Notice next that if $p$ is a prime divisor of $10^k-n$, then $p$ must also divide $n^3$, which is to say $p$ divides $n$, in which case $p$ also divides $(10^k-n)+n=10^k$, which is to say $p$ can only be $2$ or $5$. If we now write
$$10^k-n=2^\sigma\cdot5^\tau\cdot10^h\quad\text{with }0\le\sigma+\tau\le1$$
(and all exponents understood to be nonnegative integers), we see that $n\gt0$ implies $k\gt h$. Using the fact that $2^\sigma\cdot5^\tau$ is either $1$, $2$, or $5$, we have
$$2^\sigma\cdot5^\tau\cdot10^h\le5\cdot10^{k-1}\lt9\cdot10^{k-1}=10^k-10^{k-1}$$ so that $10^{k-1}\lt10^k-2^\sigma\cdot5^\tau\cdot10^h=n\lt10^k$, which implies
$$\lfloor\log n\rfloor=k-1$$
But now the inequality $m\gt n^2$ implies
$$k-1=\lfloor\log m\rfloor\ge\lfloor2\log n\rfloor\ge2\lfloor\log n\rfloor=2(k-1)$$
Thus $k=1$, so that $m$ is a one-digit number. The inequality $9\ge m\gt n^2$ now limits $n$ to either $1$ or $2$. The first of these would give $m=10/9$, so we are left with $n=2$ and $m=4+8/(10-2)=5$ as the only solution.
$m/n = n.m= n + m/10^k$ so $10^kn^2 + mn - 10^km$
So by quadratic equation $n = \frac{-m + \sqrt{m^2 + 4m*10^{2k}}}{2*10^k} $
Notice:
m has k digits.
So n = $\frac{-m + \sqrt{m^2 + 4m*10^{2k}}}{2*10^k}$ has $\lceil k/2 \rceil$ digits. But m/n $\approx$ n then has ${\lceil k/2 \rceil}$ digits, so $m$ has between $\lfloor k/2 \rfloor$ and ${\lceil k/2 \rceil}$ digits. But m has $k $ digits. So k = 1 or 2 and m has one or 2 digits and n has 1 digit. $nm$ is a multiple of $10^k$ but m/n has only 1 digit so k = 1 and m has 1 digit.
$n = \frac{-m + \sqrt{m^2 + 400}}{20} $
So $m^2 + 400$ is a perfect square. Only possibility is m =5 so n = 2.
$$m/n=n + 10^{-k}m$$
Or $m = n^2 + 10^{-k}mn$.
Or $$10^kn^2+mn -10^km =0$$
So $$n = \frac{-m\pm \sqrt{m^2+4\cdot 10^{2k}m}}{2\cdot 10^k}.$$
So, you need $m\left(m+4\cdot 10^{2k}\right)$ to be a perfect square, and you need its square root congruent to $m\pmod {2\cdot 10^k}$.
So Let $$m^2+4m\cdot 10^{2k} = \left(m+2r\cdot 10^k\right)^2 = m^2 +4mr \cdot 10^k +4\cdot 10^{2k} r^2$$
So $m=\frac{10^kr^2}{10^k-r}$. So Letting $s=10^k-r$ then $$m=\frac{10^k(10^k-s)^2}{s}=\frac{10^{3k}}{s} -2\cdot 10^{2k} +10^ks.$$
So $s$ needs to be a divisor of $10^{3k}$ and $m<10^k$.
For example, in your case, $k=1,s=8, m=5$.
Now, for $m<10^k$, you need $(10^k-s)^2<s$ or $s^2-(2\cdot 10^k +1)s + 10^{2k}<0$.
This means that you need $s$ in between the roots:
$$\frac{2\cdot 10^k+1\pm \sqrt{4\cdot 10^k +1}}{2}$$
Take for example, $k=2$. then you need a divisor of $10^6$ that is in the range:
$$\frac{201\pm\sqrt{401}}{2}$$
which, for integers, means $[91,111]$. The only $s$ that we can get is $s=100$.

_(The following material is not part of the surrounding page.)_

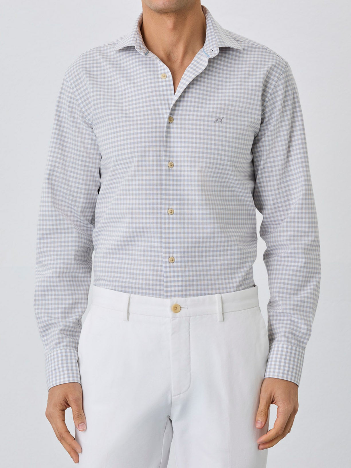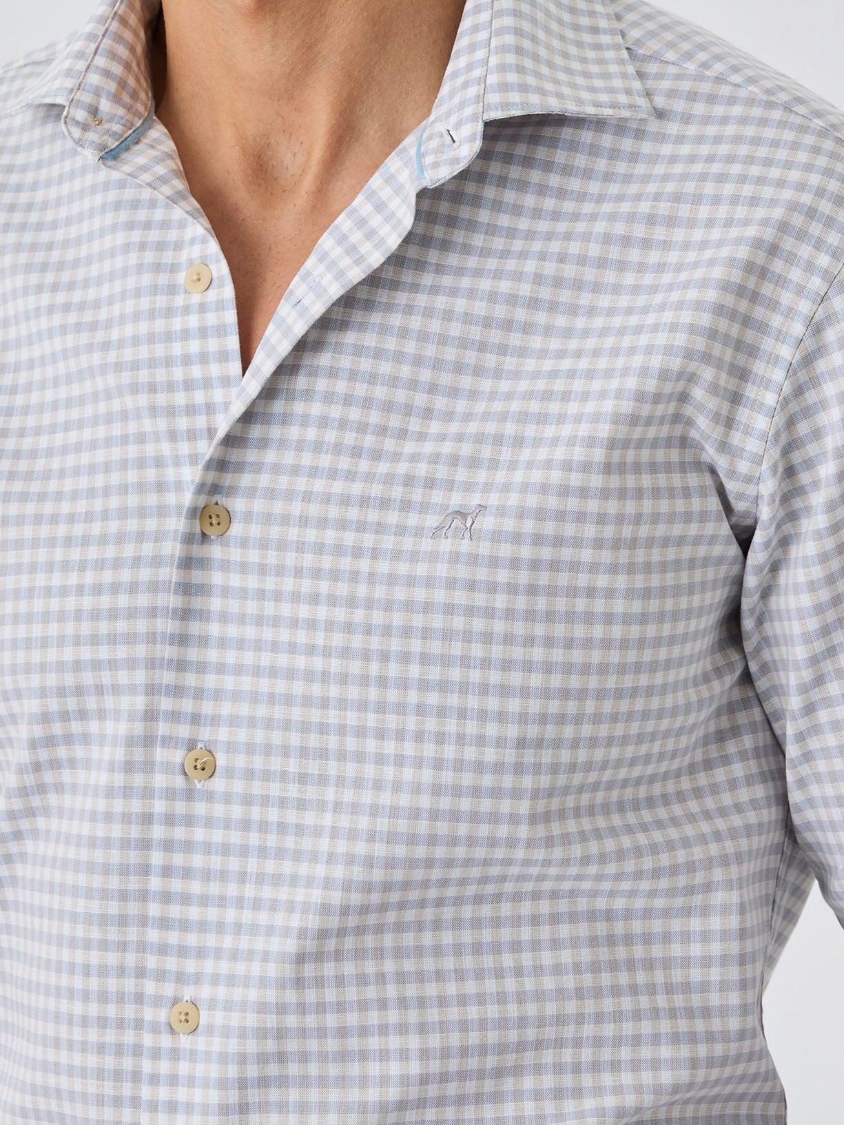 Slim Fit Shirt With Open Collar In BCI Cotton With Checks

In general, we'd need a factor of $10^{3k}$ that is within $1+\sqrt{10^k}$ of $10^k$. In don't think that is likely to happen often - any divisor of $10^{3k}$ that is that big $100$ as a factor.
For example, you'd need a power of $2$ that starts with mostly nines. You need a continued fraction convergent for $\log_2 10$ or $\log_5 10$ that is just unbelievably close. I'm not sure how to prove that isn't possible.
Basically, to find a solution in general, you need a $2^t$ or $5^t$ that starts with a lot of nines - at least the first half of them.I don't know how to prove that isn't possible, however.
1024 is close enough to $10^3$, but it doesn't divide $10^9$, and $10240$ is not close enough to $10^4$.
(If you plug in $s=1024,k=3$, you get $m=562.5$ and $n=23.4375$ and: $$\frac{562.5}{23.4375} = 24 = 23.4375 + 0.5625.$$
So at least the formulae work.)
It's pretty easy by exhaustion to prove for small values of $k$. We can use the continued fractions for $\log_2 10$ and $\log_5 10$ to give us examples - basically, we need an insanely large coefficient in the continued fraction.